De même pour l’accusé Sofiane H. qui a déclaré au juge d’instruction avoir été contacté par Samir Mokrane pour adhérer au MAK. Il est apparu dans une vidéo devant le corps calciné en train de scander «vive le MAK». Il a rejeté les accusations mais le PG lui rappelle ses déclarations dans lesquelles il a reconnu qu’il a reçu de l’argent de cette organisation terroriste. Sofiane Z., membre d’une association de bienfaisance, lui, est un partisan de l’organisation terroriste Rachad, selon les perquisitions électroniques. «Ça m’arrive de mettre «j’aime» sur la page de Rachad mais involontairement.»
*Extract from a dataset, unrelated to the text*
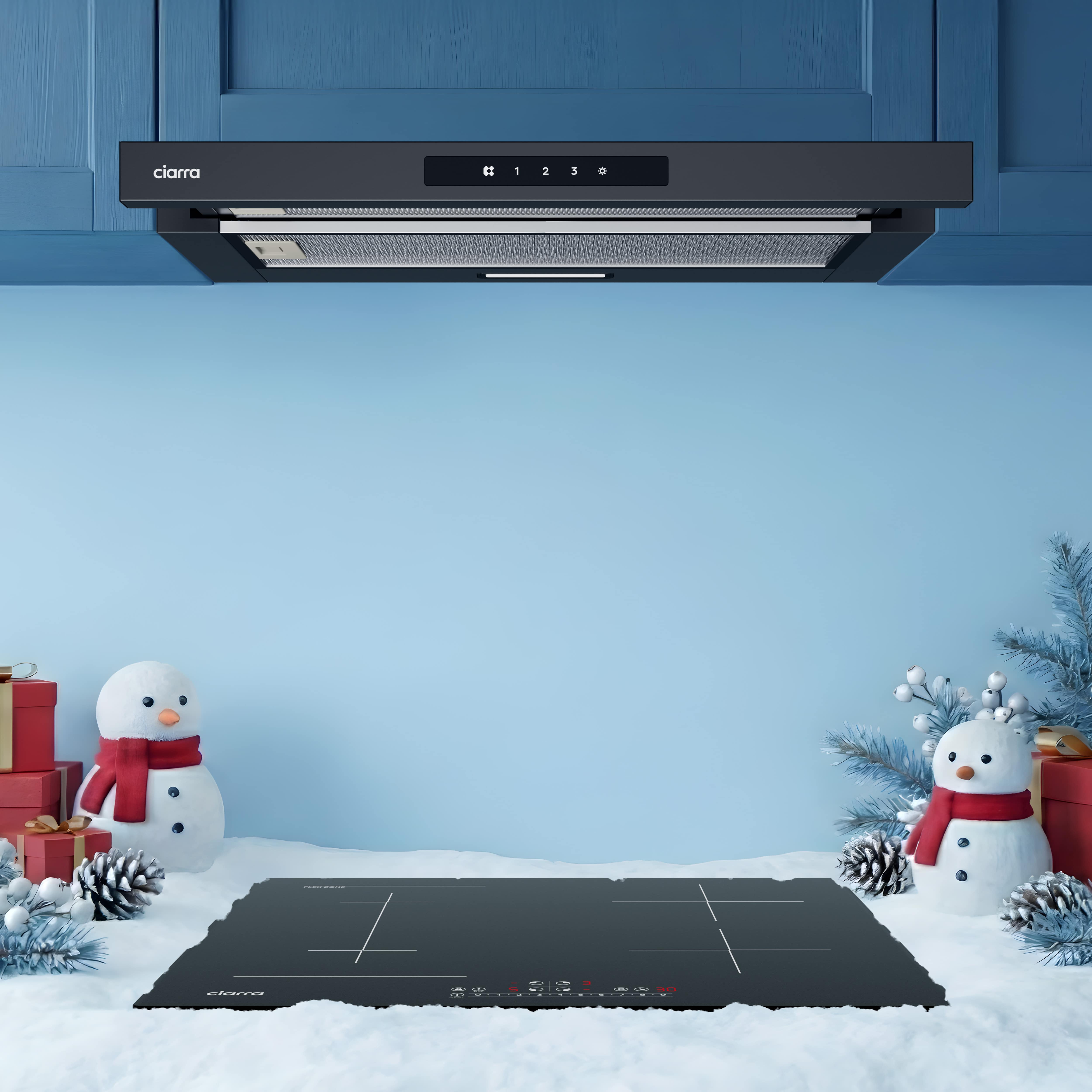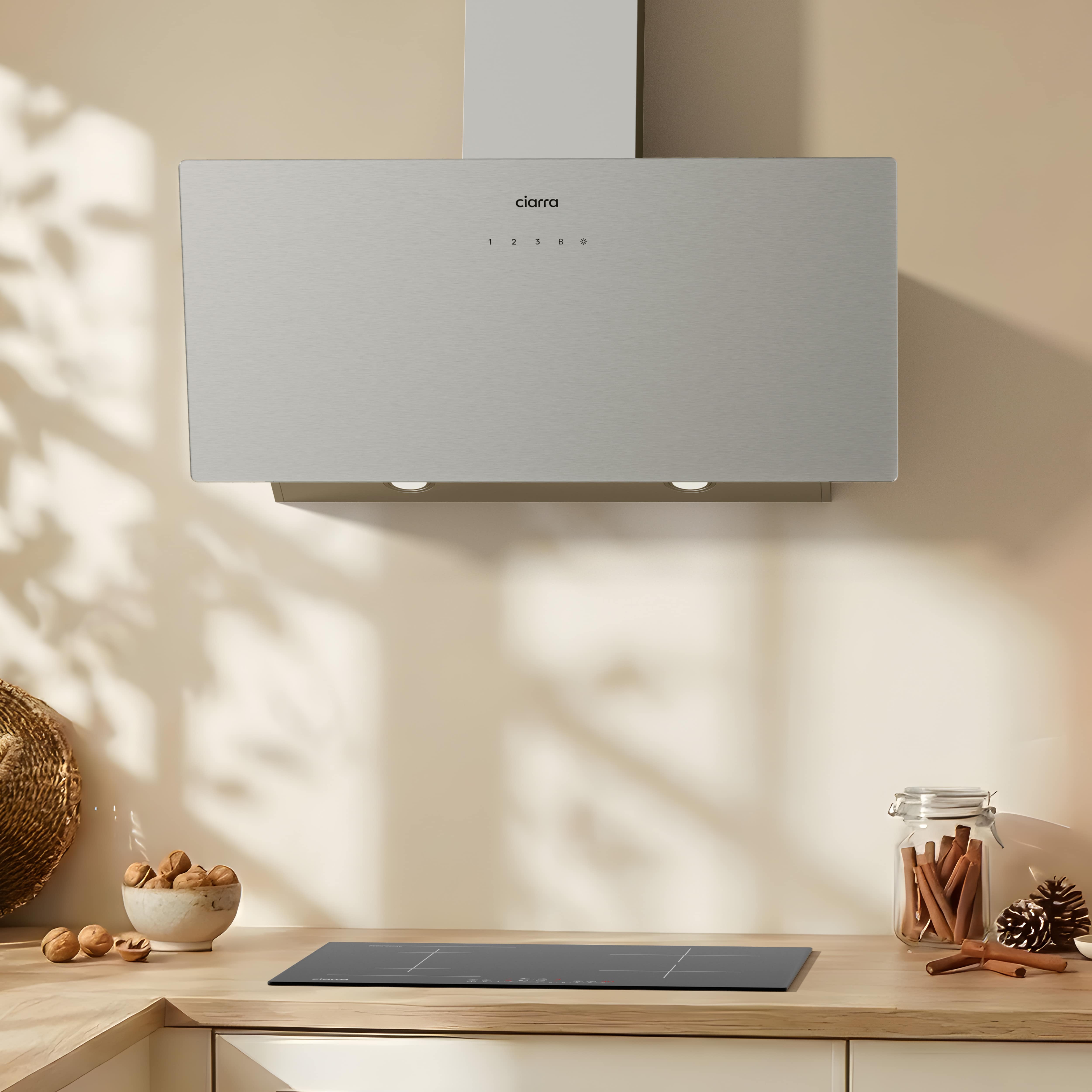 The Ciarra Pinnacle Island Cooker Hood offers similar high performance with a unique twist: its Ivory Mist Marble finish. This stylish, eco-friendly hood matches high suction power with elegant aesthetics, perfect for modern kitchens looking for a chic yet powerful ventilation solution.

Le PG s’emporte : «Vous faites un selfie avec un cadavre carbonisé, je veux bien comprendre votre sang-froid et tant de haine envers la victime.»
L’accusé Ferhat Ch., qui est monté sur le toit du véhicule de police, a déclaré qu’il voulait repousser la foule en furie mais il est épinglé par le PG : «Tu as demandé à Lakrouf de quitter les lieux parce qu’il parlait arabe». L’accusé a répondu : «J’avais peur pour lui, parce qu’il était étranger …».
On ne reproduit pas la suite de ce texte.